The European Commission, as part of its work on the sustainable finance package, is working in multiple ways. On the one hand, we have extensive regulation of non-financial disclosures related to the CSRD as a flagship project. On the other hand, a number of other activities dedicated to sustainability in the broader financial sector are underway. One of the regulated issues is ESG ratings – environmental (Environmental), social (Social) and corporate governance (Gouvernance) factors.
What are ESG ratings?
The importance of ESG in the world of sustainable development has been growing in recent years. The topic in the financial sector is a very broad one that includes. risk assessment issues, internal policies and strategies, as well as products offered by banks or investment funds. It also extends beyond the banking world to the corporate level. One of the related elements is ESG ratings. In short, they can be considered an external assessment of the level of sophistication in implementing ESG factors in an organization.
By design, ratings are intended to be unbiased information to assess how sustainable a company or bank is in its operations, both in terms of environmental and social factors and in compliance at the level of policies and procedures. They are supposed to form a basis for comparing different entities with each other. Obtaining a high ESG rating is prestigious, as proof of the “greenness” and pro-sociality of the business. Thus, it is potentially a way to prevent suspicion of the notorious recent greenwashing.
This is what ESG ratings look like in theory. With practice, unfortunately, it is somewhat different. First, there are a lot of companies offering and performing ratings on the market today. Assessments are both paid and free. What’s more, some are performed at the request or order of the assessed entity, with its active participation and on the basis of the materials provided. Others without his knowledge based on publicly available information. As you can easily guess, their quality, reliability and, above all, comparability varies greatly. It is also worth noting that the methodologies for performing ESG ratings, the scope and weights assigned to criteria are very often company secrets. Thus, the reasons for a company’s high or low score cannot be verified.
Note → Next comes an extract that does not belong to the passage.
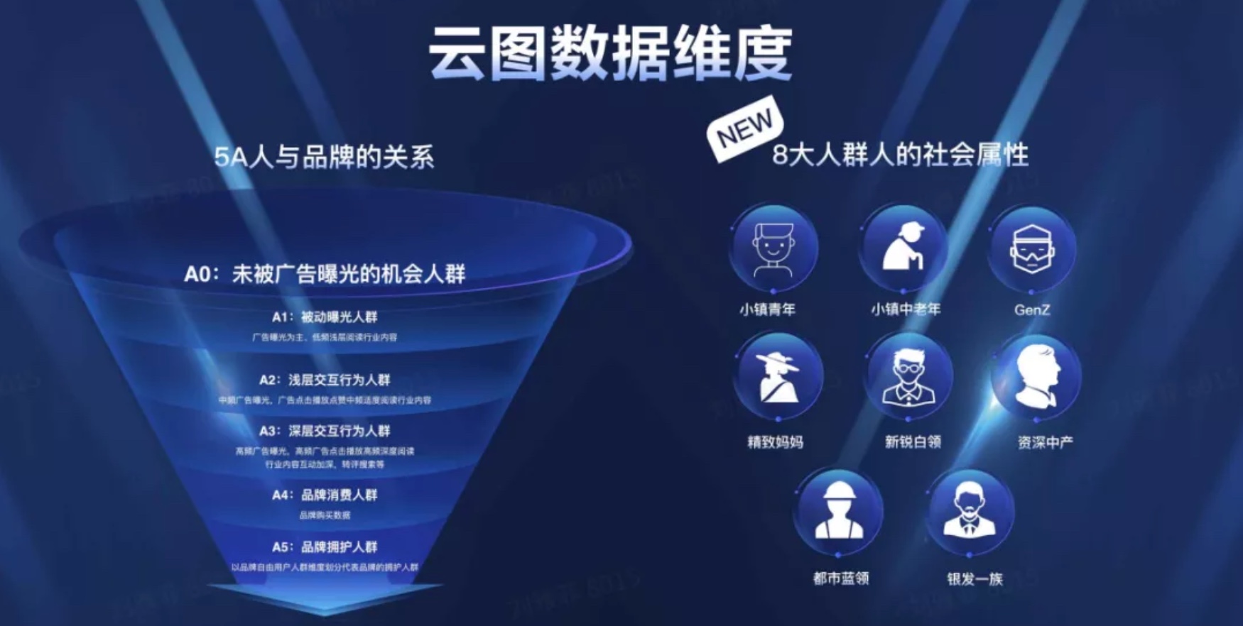 随着品牌对用户运营与生意提效的需求不断升级,巨量云图平台也在进一步优化经营工具的精准度,推出"5A+8大人群"策略。8大人群,即小镇青年、小镇中老年、Z世代、精致妈妈、新锐白领、资深中产、都市蓝领以及都市银发,本质是8个高购买能力人群标签,通过对抖音月活用户和电商历史存量用户进行全盘扫描,以城市等级、年龄、消费力、人生阶段等指标综合聚类,把消费者横向划分为8大人群,遍布5A流转的每⼀个阶段。

EC regulations for transparency of ESG ratings
The above problems have been recognized at the European level. Proposals for solving at least some of them can be found in the draft regulation on transparency and integrity of environmental, social and corporate governance (ESG) rating activities. The regulation is intended to ensure not so much comparability as a certain transparency of ESG rating methods in the European Union. The regulations apply to rating providers, including those operating outside the EU. Among the rules proposed in the regulation on ESG ratings are provisions to ensure the independence of assessments, the appropriate level of expertise of staff performing the assessments, how to address conflicts of interest, and provisions on data retention obligations. Supervision of ESG rating providers would be carried out by the European Securities and Markets Authority (ESMA), among others. issuing permits to operate.
The EC’s proposals to regulate ESG ratings will certainly improve the quality of the ratings issued. Ensuring oversight of the activities of ESG rating providers should weed out questionable and unreliable entities. However, there is still a lack of comparability of results and information about the evaluation methods used. These still may be company secrets. This is a big obstacle, especially for ratings without the participation of rated entities.